Howard, who held various roles with the firm between early 2006 and May 2018, is seeking compensation for the "economic damages and other actual harm" caused by the breach. This includes potential identity theft, reduced privacy, as well as lowered credit scores from credit inquiries following fraudulent activity.
Citrix's chief digital risk officer Peter Lefkowitz told IT Pro last month the company had learnt its lessons from the breach and would be reviewing password management procedures.
"Certainly the incident that happened, if anything, made us more focused on the topic, and made us look even deeper at everything that we do," Lefkowitz said during the firm's annual Synergy conference hosted in Atlanta, Georgia.
"I think this is going to be an area of really important evolution and an area of experimentation. We'd love to get to a place where we don't have to rely on passwords.
"But until we get there, we're going to have to take a layered approach. We're going to have to do passwords and checking for weak passwords, and checking for burnt passwords, and multi-factor, various sorts of multifactor, logging and monitoring, and controls on the inside."

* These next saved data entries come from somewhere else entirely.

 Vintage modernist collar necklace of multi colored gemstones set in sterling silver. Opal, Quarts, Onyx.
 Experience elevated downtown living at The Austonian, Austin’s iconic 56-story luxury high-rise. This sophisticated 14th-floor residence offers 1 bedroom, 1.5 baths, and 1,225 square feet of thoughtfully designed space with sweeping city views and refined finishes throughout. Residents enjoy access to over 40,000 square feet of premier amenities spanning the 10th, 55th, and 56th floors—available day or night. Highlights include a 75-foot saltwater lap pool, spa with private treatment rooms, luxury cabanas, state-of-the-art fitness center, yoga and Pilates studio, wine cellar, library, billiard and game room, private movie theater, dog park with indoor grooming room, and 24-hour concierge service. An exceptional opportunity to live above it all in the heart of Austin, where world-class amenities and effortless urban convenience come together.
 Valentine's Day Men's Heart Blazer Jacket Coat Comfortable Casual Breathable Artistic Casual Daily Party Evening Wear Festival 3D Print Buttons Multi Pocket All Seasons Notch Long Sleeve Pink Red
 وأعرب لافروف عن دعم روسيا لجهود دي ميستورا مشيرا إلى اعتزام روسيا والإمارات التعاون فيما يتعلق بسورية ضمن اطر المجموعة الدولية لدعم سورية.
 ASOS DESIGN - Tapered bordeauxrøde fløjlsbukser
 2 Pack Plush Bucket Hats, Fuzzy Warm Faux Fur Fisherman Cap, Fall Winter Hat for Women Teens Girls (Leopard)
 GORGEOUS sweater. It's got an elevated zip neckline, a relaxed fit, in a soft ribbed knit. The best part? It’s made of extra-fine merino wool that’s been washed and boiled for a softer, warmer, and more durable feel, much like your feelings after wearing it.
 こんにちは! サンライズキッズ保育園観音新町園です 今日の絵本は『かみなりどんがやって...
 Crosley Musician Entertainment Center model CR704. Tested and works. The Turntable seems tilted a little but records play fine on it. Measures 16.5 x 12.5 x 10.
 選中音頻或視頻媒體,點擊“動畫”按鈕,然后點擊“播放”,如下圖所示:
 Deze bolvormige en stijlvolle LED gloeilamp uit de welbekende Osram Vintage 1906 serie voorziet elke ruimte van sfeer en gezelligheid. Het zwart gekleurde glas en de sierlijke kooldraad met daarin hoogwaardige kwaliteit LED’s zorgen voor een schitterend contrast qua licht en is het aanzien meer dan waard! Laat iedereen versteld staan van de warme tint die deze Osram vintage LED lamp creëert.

Senior analyst with Forrester and security expert Paul McKay told IT Pro companies should expect to see more legal action given the raft of new data protection laws that have come into force across Europe and certain states in the US.
"We have seen a similar example here in the UK," McKay said. "Employees took a retail supermarket Morrisons to the High Court and managed to win damages for the employees as they were deemed to have failed in their duty to protect and maintain the security of employee information.
"Class action lawsuits have arisen for many recent US-based breaches, for example, the recent Equifax breach and are currently working their way through the legal processes.
"While these developments are showing that companies are liable to be held accountable and pursued through the legal process to redress potential damages, it is still interesting in the Citrix case that the employee has done so, given the potential risk to themselves in doing so."
McKay added that he would expect further consumer-based action to become almost a standard course of action following a future breach in the US. Employee-based action, however, would be a comparative rarity in comparison.
IT Pro approached Citrix for a statement on the legal action but did not receive a response at the time of writing.